Griffiths QM 6.22: Deriving $E_{fs}^1$ from H$_r$ and H$_{so}$

[snatchingthepi]

Homework Statement

Starting from

$$E^1_{fs} = \left<n l m_l m_s| (H_r + H_{so})| n l m_l m_s \right>$$

and using

$$E_r^1 = -\frac{(E_n)^2}{2mc^2}\left[\frac{4n}{l+1/2} - 3\right]$$

and

$$H_{so} = \frac{e^2}{8\pi\epsilon_0}\frac{S\cdot L}{m^2c^2r^3}$$

and

$$\left<\frac{1}{r^3}\right> = \frac{1}{l(l+1/2)(l+1)n^3a^3}$$

where 'a' is the Bohr radius,

and

$$\left<S \cdot L\right> = \left<S_x\right>\left<L_x\right> + \left<S_y\right>\left<L_y\right> + \left<S_z\right>\left<L_z\right>$$[/B]

derive

$$E_{fs}^1 = \frac{13.6}{n^3}\alpha^2\left[\frac{3}{4n} - \left(\frac{l(l+1) - m_lm_s}{l(l+1/2)(l+1}\right)\right]$$

Homework Equations

As above.[/B]

The Attempt at a Solution

The first bit of this is extremely straight-forward.
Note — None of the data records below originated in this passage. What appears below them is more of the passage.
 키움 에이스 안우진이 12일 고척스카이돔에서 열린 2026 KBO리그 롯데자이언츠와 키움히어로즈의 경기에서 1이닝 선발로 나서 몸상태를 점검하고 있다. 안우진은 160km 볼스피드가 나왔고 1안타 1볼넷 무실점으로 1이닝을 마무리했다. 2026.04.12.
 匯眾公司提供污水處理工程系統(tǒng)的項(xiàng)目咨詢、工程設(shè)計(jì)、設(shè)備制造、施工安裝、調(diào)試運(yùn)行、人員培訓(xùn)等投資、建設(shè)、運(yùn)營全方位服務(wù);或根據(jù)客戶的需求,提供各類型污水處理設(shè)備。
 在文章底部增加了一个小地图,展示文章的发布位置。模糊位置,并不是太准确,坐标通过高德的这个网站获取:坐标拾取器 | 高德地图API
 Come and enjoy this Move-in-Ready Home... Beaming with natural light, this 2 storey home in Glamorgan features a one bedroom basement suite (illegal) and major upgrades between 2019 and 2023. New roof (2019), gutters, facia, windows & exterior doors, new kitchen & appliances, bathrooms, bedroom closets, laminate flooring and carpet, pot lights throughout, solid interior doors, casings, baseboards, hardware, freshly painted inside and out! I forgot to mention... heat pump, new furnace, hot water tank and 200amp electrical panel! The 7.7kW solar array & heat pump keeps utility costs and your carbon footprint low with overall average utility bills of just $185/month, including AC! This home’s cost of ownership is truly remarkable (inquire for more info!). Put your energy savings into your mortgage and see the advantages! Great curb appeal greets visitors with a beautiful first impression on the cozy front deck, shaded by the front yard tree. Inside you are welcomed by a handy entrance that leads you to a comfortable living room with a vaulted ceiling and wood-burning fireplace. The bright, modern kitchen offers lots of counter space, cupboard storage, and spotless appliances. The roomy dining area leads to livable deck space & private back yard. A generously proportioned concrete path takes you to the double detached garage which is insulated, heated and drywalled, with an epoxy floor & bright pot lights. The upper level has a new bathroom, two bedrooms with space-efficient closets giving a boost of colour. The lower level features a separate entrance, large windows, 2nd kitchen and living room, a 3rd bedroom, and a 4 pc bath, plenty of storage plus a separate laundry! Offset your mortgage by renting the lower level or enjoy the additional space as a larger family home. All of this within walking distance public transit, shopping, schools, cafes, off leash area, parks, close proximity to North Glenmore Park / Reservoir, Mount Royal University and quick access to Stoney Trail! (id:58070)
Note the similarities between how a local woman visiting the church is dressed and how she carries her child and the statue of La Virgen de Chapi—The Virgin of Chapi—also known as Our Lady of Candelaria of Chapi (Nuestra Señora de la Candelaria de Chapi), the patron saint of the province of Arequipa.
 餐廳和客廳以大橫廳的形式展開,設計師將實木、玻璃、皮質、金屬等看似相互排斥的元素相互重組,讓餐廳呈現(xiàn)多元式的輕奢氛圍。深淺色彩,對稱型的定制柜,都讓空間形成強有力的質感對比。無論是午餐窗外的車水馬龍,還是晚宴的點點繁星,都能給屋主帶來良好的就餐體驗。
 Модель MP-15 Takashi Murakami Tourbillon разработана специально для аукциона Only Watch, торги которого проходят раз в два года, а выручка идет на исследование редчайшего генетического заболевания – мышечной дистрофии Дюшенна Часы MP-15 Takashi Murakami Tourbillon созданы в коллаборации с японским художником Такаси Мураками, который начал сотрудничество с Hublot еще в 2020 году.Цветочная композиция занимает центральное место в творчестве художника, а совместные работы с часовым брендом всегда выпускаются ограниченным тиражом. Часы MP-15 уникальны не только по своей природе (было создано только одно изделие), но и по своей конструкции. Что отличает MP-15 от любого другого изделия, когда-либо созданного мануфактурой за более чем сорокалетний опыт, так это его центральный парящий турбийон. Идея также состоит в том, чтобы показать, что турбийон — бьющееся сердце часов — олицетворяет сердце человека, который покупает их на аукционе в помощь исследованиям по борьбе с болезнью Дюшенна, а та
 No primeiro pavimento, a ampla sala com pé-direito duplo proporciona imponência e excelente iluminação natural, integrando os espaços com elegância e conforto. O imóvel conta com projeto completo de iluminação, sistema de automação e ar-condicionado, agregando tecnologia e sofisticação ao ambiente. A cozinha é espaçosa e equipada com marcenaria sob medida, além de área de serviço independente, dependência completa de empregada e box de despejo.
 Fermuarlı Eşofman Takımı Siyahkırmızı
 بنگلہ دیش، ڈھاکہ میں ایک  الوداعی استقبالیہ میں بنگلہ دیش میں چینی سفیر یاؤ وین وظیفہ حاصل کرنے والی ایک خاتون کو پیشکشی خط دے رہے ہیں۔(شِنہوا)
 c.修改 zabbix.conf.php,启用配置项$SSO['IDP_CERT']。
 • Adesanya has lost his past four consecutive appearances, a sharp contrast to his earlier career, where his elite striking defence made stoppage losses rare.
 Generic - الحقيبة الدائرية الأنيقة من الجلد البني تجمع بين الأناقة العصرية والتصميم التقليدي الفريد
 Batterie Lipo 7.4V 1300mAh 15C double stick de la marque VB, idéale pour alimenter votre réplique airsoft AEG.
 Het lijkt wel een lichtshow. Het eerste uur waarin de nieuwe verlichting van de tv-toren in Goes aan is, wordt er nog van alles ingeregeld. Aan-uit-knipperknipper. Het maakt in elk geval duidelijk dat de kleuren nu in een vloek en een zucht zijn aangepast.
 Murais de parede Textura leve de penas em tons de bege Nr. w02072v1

I substitute the appropriate values and use the S.L stuff above to get

$$E^1_{fs} = \left<n l m_l m_s| (H_r + H_{so})| n l m_l m_s \right> = \frac{-(E_n)^2}{2mc^2}\left[\frac{4n}{l+l/2} - 3\right] + \frac{e^2}{8\pi\epsilon_0}\frac{\hbar^2m_lm_s}{m^2c^2}\frac{1}{l(l+1/2)(l+1)n^3a^3}$$

but from here on I seem to run into a stumbling block. I just don't how to get out any value of 13.6 [eV]. I know I can reexpress

$$E_n = \frac{-\alpha^2mc^2}{2n^2} = \frac{-m}{2n^2}\left(\frac{e^2}{4\pi\epsilon_0\hbar}\right)^2$$

but I am not seeing how to move forward. Trying to use this on the the E_n term in the RH of the above I get

$$\frac{\alpha^4mc^2}{8n^4}$$

which seems to get me nowhere.

Could someone give me a kick in the right direction? I'm not seeing where to go with all this mathturbation.[/B]

 

[barefeet]

13.6 eV is just the result of all the constants in the $E_n$ term. Off the top of my head, I think you can write :
$$E_n = \frac{-13.6}{n^2}$$
But do check this

 

[snatchingthepi]

You are right. Looking that up helped a lot. The formula was on the front jacket of the book and I saw a few other definitions (equations) that helped me solve the problem. Thanks a lot.